Harvard’s leadership aren’t alone in their attempts to avoid the P-word. Gay’s resignation has been used by several commentators to divert attention from her transgressions. They portray her as the victim of right-wing smear campaigns. By ignoring the evidence, these commentators push academic ethics to absurdity. Consider the Associated Press which renamed plagiarism as a new conservative weapon to undermine higher education. Nikole Hann-Jones , a New York Times writer, claims that “academic liberty” also protects the ability to plagiarize. Many supporters of Gay, both in journalism and academia, have attacked the journalists who exposed her transgressions. Aaron Sibarium and Chris Rufo and Chris Brunet and others have acted in “bad faith,” and they must be excluded from the discussion, regardless of the evidence.

Labeling critics “bad faith” actors is a weapon that has been used by the left to bury factually accurate allegations of academic misconduct. This defensive pattern was evident in the controversy surrounding Emory University history professor Michael Bellesiles during the early 2000s. Bellesiles’s book Arming America became a bestseller in academia primarily because it bolstered current arguments for firearms regulations. After researcher Clayton Cramer found evidence that Bellesiles had falsified sources and made unsupported statements based on nonexistent historical records the academic community rallied around him. American Historical Association adopted a resolution portraying Bellesiles a victim of harassing, and many scholars attacked Cramer for his “bad faith” criticism with connections to the firearms industry. The American Historical Association only changed its tune after the evidence was too overwhelming to ignore. This led to Bellesiles resigning and his Bancroft Prize being revoked.

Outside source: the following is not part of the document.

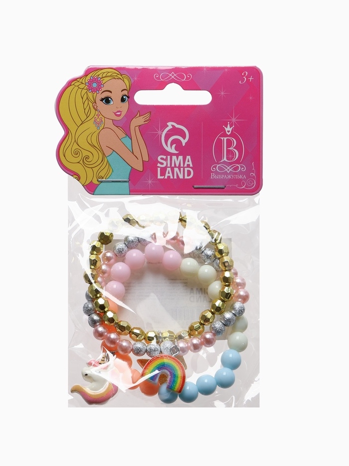 Браслет детский "Выбражулька" 3шт, сияние, единорог, радуга, корона, цветной

Last year I found evidence of possible plagiarism in the work of Kevin M. Kruse. He is a Princeton historian, and a left-wing Twitter celebrity. Kruse, like Claudine, copied text without citations or quotation marks. Kruse, in one instance, copied the thesis from another author’s dissertation, changing only its location from Detroit, to Atlanta. The Chronicle of Higher Education reviewed Kruse and concluded “What Kruse did is plagiarism by any definition”; to Kruse supporters, however, I was considered a “bad-faith act” for simply disagreeing with Kruse’s progressive politics. Princeton’s deflection was a copy of Harvard’s. defended the plagiarism by claiming that it was “careless pasting and cutting.”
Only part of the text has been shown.